According to Soares and Choitz’ case study, 79% of CU students are people of color, 80% are parents, 80% are employed full-time, and all students are working to complete their first degree.
“Historically, higher education hasn’t done the most for students with this profile,” said Soares.
CU is committed to keeping costs low while keeping the quality of the education high, according to Dennis Littky, the president of CU. The current cost of tuition is less than $10,000 per year, he added. Students complete their degrees on average in 2 1/2 years due to CU’s requirement that all students must have transferred at least nine credits to enroll.
As of fall of this year, students at CU are able to apply for Title IV financial aid programs, including Pell Grants, student loans, work-study and other programs. Tuition costs are estimated based on Pell Grant levels plus $1,000; 74% of CU students are Pell Grant recipients according to Soares and Choitz. The college also awards every student a $1,100 merit scholarship, leaving approximately $3,000 for students to cover by working, applying for scholarships or exploring alternative loans or income share agreements.
A key aspect of CU’s college affordability is to keep overhead costs low. The college does this, in part, by leasing spaces for classrooms instead of owning property.
“CU saves money with streamlined facility and staffing costs, which allows it to invest more in
small class sizes and active advising with small advisee loads,” Soares and Choitz wrote.

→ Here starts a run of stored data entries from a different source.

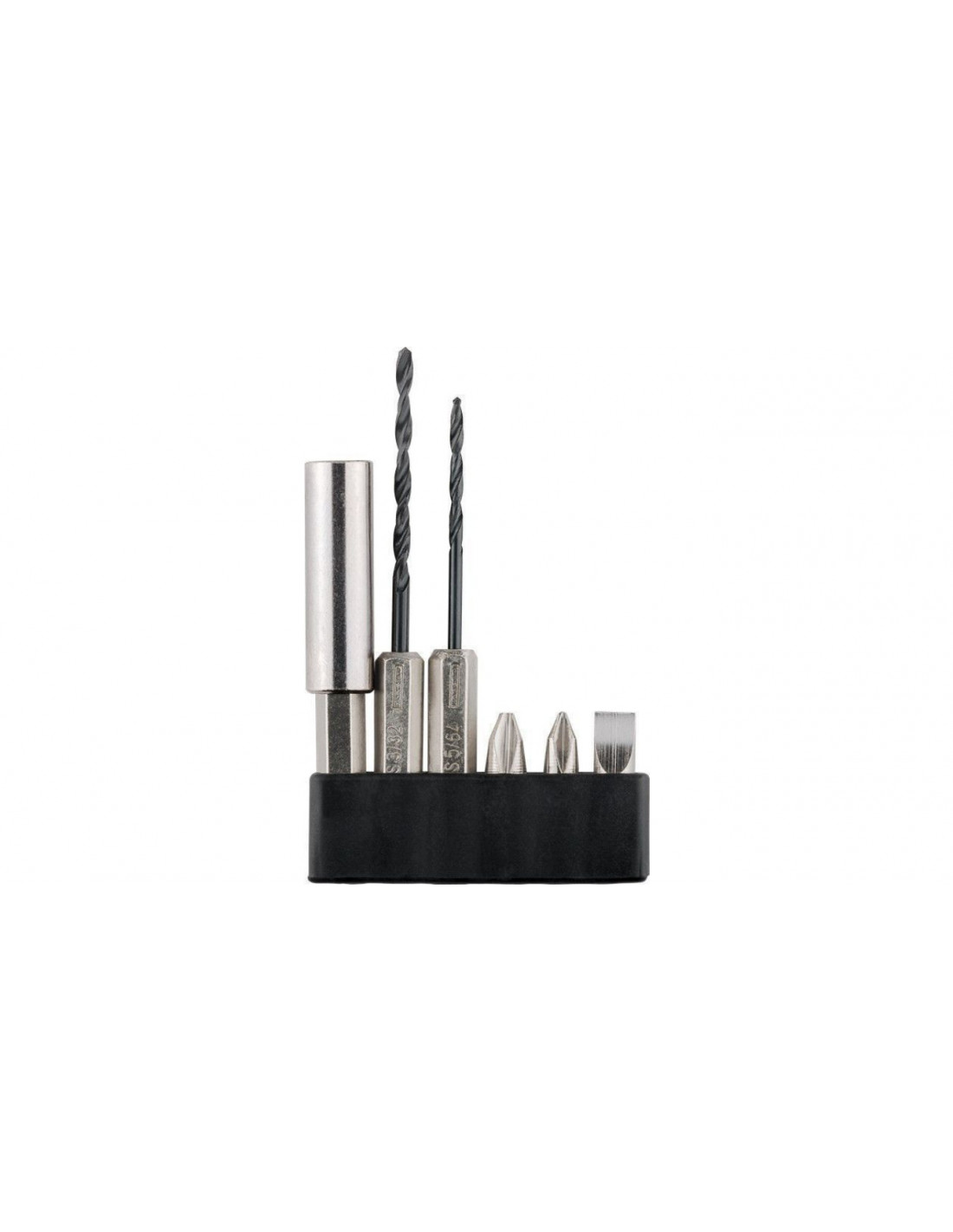 w zestawie 3 bity CrV 25 mm, 1 rozszerzenie bitowe, 2 wiertarka oraz 5/64 (2 mm), 3/32 (2,5 mm) i ładowarka sieciowa
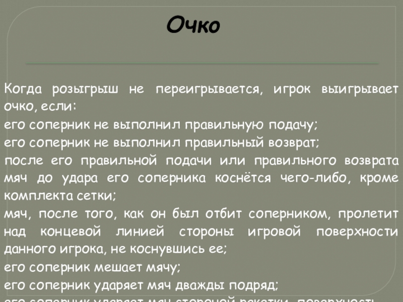 Когда розыгрыш не переигрывается, игрок выигрывает очко, если:
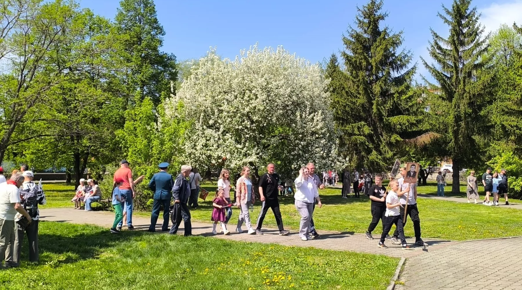 В Бийске шествие "Бессмертного полка" начнется в 13 часов. Точкой сбора колонны в этом году стал парк Гаркавого. Уже к 11.30 сюда стали стекаться десятки людей. Учитывая, что температура воздуха приближается к 30 градусам, многие пока прячутся в тени.
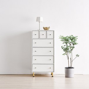 넉넉한 5단 7칸 구조로 다양한 물품을 효율적으로 수납할 수 있으며, 화이트 컬러로 깔끔하고 모던한 분위기를 연출하는 다용도 깊은 서랍장.
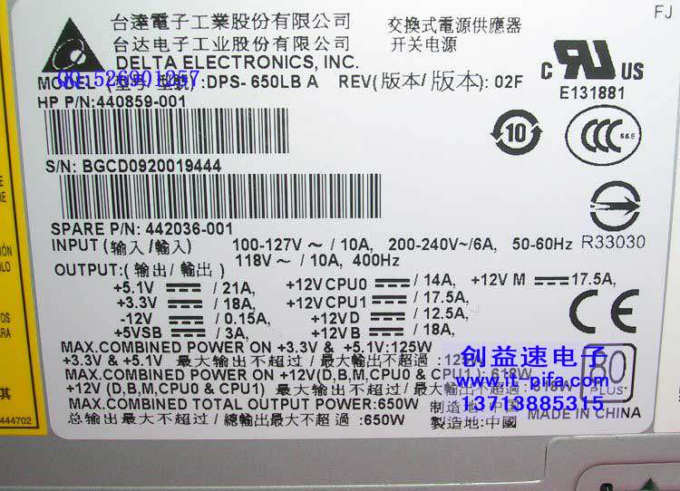HP original XW6600 power supply 442036-001 440859-001 DPS-650LB A650W
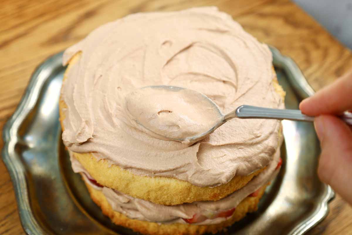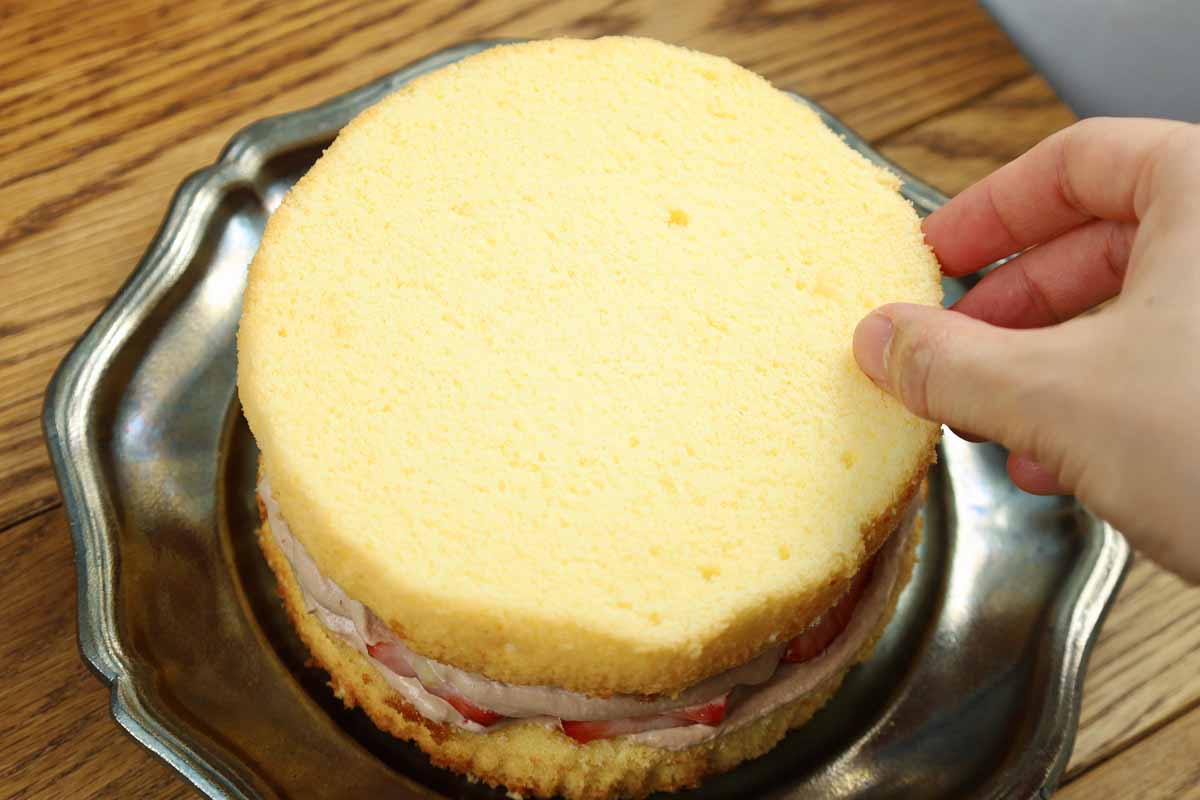再び平らにならします。もしスポンジからクリームがはみ出てしまっても、スプーンですくって除けばOK!
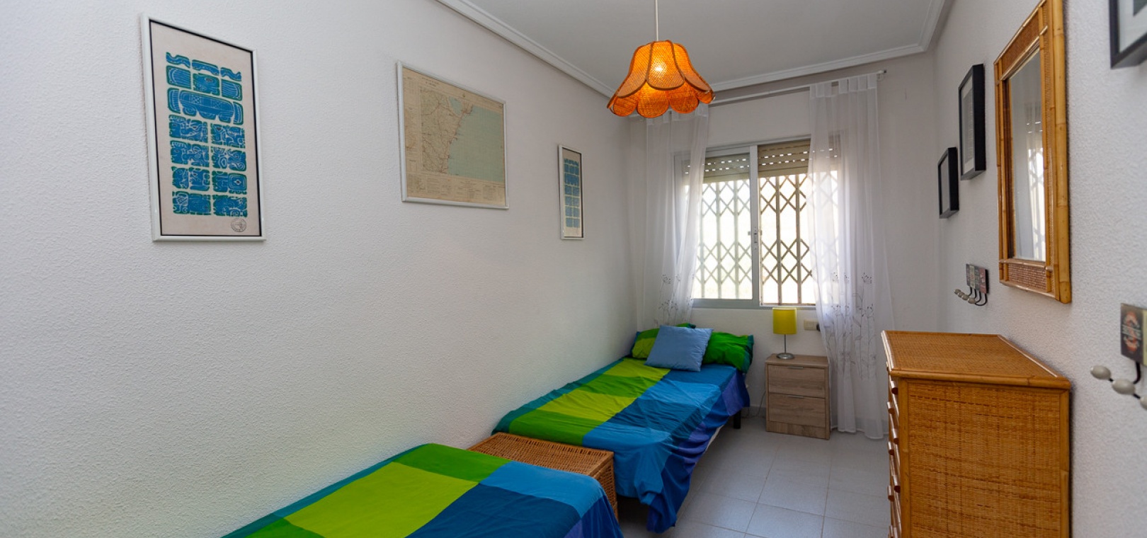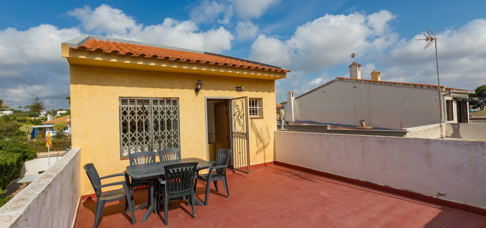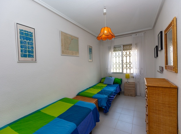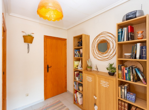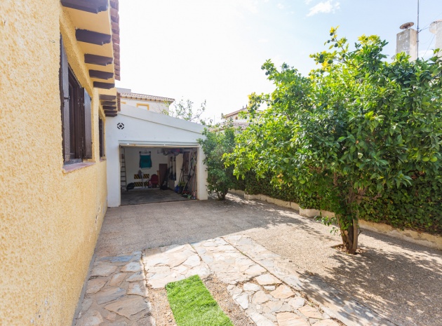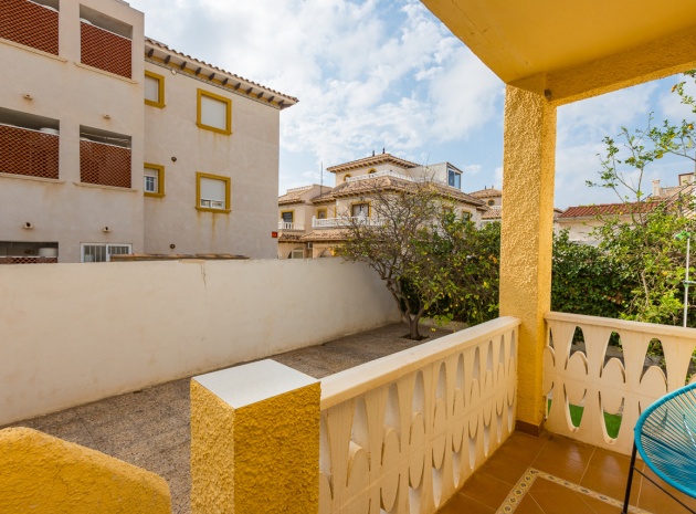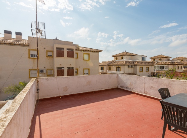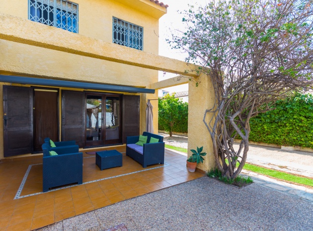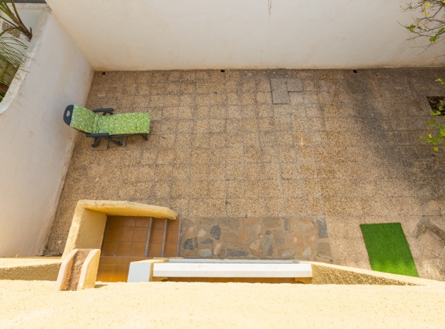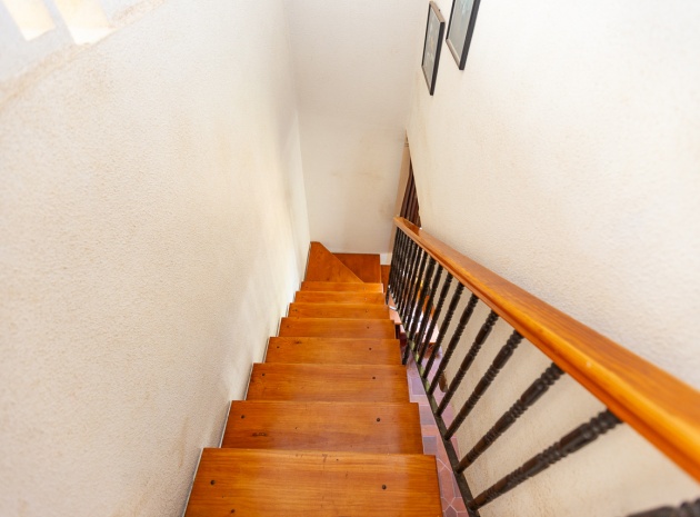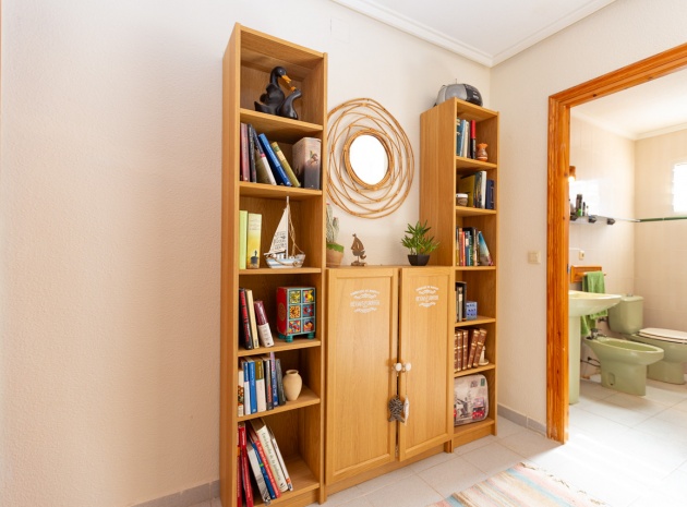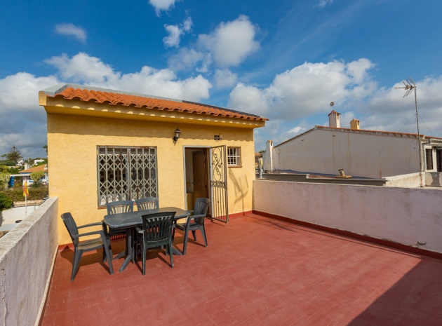 Im Erdgeschoss bietet das Anwesen zwei Badezimmer und drei Schlafzimmer, von denen zwei direkten Zugang zu einer Terrasse haben, auf der Sie die Aussicht und die frische Luft genießen können. Im Obergeschoss finden Sie zwei weitere Schlafzimmer, einen zusätzlichen Wohnbereich und ein WC sowie Zugang zu einer weiteren Terrasse. Die Villa verfügt außerdem über eine private Garage, die Ihr Fahrzeug ideal vor der intensiven Sommersonne schützt und zusätzlichen Stauraum bietet. An der Vorderseite des Hauses befindet sich ein großer Garten mit Pavillon, der sich perfekt für Mahlzeiten im Freien mit Familie und Freunden eignet. Im hinteren Garten sorgen ein üppiger Zitronenbaum und eine Außendusche für Frische und Funktionalität. Das Anwesen liegt nur wenige Autominuten von mehreren Supermärkten und 3,1 km vom Strand Aguamarina in Cabo Roig entfernt, einem der besten der Gegend. Diese Doppelhaushälfte ist perfekt für eine große Familie oder für einen Investor, der seinen eigenen Raum an der Orihuela Costa individuell gestalten möchte. Das Anwesen würde in einigen Bereichen von einer weiteren Modernisierung profitieren, was sich im Preis für dieses sehr geräumige Haus widerspiegelt.
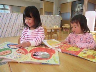 1歳児さんは、午睡から目覚めておやつまで絵本を読んで待ちました。
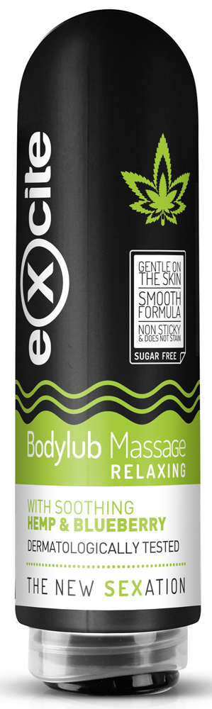 Jemný masážní gel s obsahem konopného oleje a s výtažkem z borůvek je vhodný pro relaxační masáž celého těla se šetrným složením vhodný pro citlivou pokožku obou partnerů.
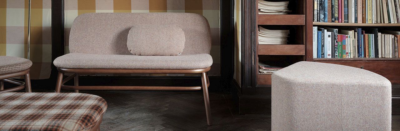 Двухместный диван из стальной шерсти, форма спинки которого соответствует объемам и пересекается со структурой, придавая ему уникальный и особый вид. В двухместном исполнении с подлокотниками или без них, с высокой или низкой спинкой и множеством обивок.
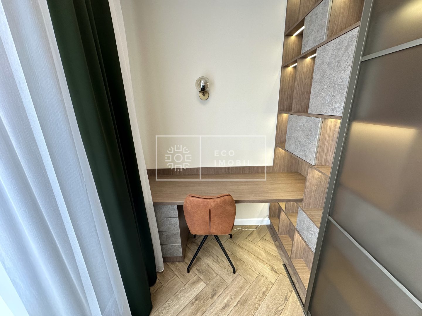 Compartimentare: 1 dormitor, cabinet de lucru, bucătărie cu living, antreu, bloc sanitar.

In addition to keeping costs low, retention is a key factor in CU’s academic model. Thirty-eight percent of CU students have attended two colleges before CU, making it more likely they’ve already accumulated student loan debts but don’t have the higher-level career opportunities to pay off those loans, David Bergeron, senior fellow for postsecondary education policy at the Center for American Progress, explained.
The major risk for any startup college, Bergeron said, is that it will ultimately fail, leaving students with loans, no degree, having exhausted their Pell Grant limits. Bergeron argued the only way to truly make students whole would be to forgive student loans and restore Pell Grants.
One potential solution to mitigate this risk is for colleges to set aside designated funds that can be used to pay back the cost of loans for non-degree earning students in the event that the college fails, Jim Purcell, the executive director of the Alabama Commission on Higher Education, pointed out. He also offered another alternative in the form of institutional risk-sharing where another institution will agree to accept the credits of students from the failed college so they may transfer and continue pursuing a degree or credential.